12 It has not been suggested in the instant matter that the intervention by the Minister was the intervention by a busy body nor has it been suggested such intervention could have been rebuffed by either the plaintiff or the first defendant, as the case may be. Nevertheless, I consider the point that Kirby J makes is of some relevance in the instant case. The court should respect the primacy of the parties. The court should respect that this litigation, which has come on appeal, was a private litigation between two private litigants. Neither of them in the circumstances invited the intervention either before the Residential Tenancies Tribunal or, indeed, in this Court. The intervention was rather imposed upon them.
13 Mr Quickenden in his very helpful submission has argued that it was not suggested that the intervention had been inappropriate. That is true. Nevertheless, it could not have been legally argued that intervention could or should have been barred by the court.
14 Next, Mr Quickenden argued that had the plaintiff been successful in the appeal, that it was probable that the first defendant and intervener, both or either, would have been ordered to pay the plaintiff's costs. However, that argument is somewhat hypothetical and speculative. The simple fact is that the plaintiff was not successful and, hence, one does not have to consider what might well have been the situation had the decision been otherwise.
15 Mr Quickenden argued that intervention here was, indeed, warranted, first of all, by virtue of s 86, the intervener became a party and, secondly, because of the matter of merit, that needed to be considered in the matter. He argued that the construction of the Act urged by the plaintiff would have diminished the role of the Residential Tenancies Tribunal.
16 I have had regard to these submissions. As I would understand this case, during the substantive appeal, as regards the matter of result, or what was urged to be the appropriate result, the Minister supported the position of the first defendant, namely, that the Tribunal's decision was right and that the appeal should be dismissed.
17 The Minister also supported and identified one of the constructions or the interpretations of the legislative provision, that had been urged by the first defendant.

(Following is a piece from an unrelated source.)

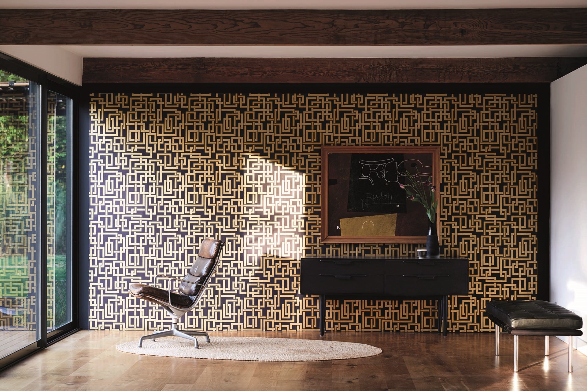 The interlocking rectangles of Farrow & Ball's Enigma wallpaper are inspired by the encoding machine of the same name, famously deciphered by Alan Turing during the Second World War. Its combination of mathematical precision and engaging movement makes a mesmerising feature of any wall.

To the extent that such construction found favour with me, there was a degree of duplication and overlapping in relation to the argument advanced, in respect of that particular matter. Strangely enough, in respect of a matter that was urged by the plaintiff, namely, that relating to the court's jurisdiction, the Minister identified himself with the plaintiff's argument on that point.
18 The first defendant had submitted that in circumstances where the plaintiff had consented to the Tribunal having jurisdiction as it did in the instant case, an argument was not available to the plaintiff, to the effect that despite such conduct, on appeal, this Court could find that there was, in fact, no jurisdiction. I indicated in my reasons yesterday that I considered such argument was at least unmeritorious in the circumstances of this case. Nevertheless, the plaintiff contended that despite its consent in the Tribunal below, that, nevertheless, the jurisdictional point could still be validly raised on appeal.
19 The Minister in a most helpful submission rather seemed to have adopted the position that the plaintiff was right on that point. So, to that extent, there was some degree of overlapping and duplication, in respect of argument, which has been referred to as the jurisdictional argument, or alternatively, an argument, by both defendants.
20 For these extempore reasons, in respect of a somewhat interesting costs question, I believe that in the circumstances of this case and in the exercise of my discretion, that I should make no order for costs in the dispute between the plaintiff and the intervener. In the exercise of my discretion I decline to make an order that the plaintiff pay the intervener's costs.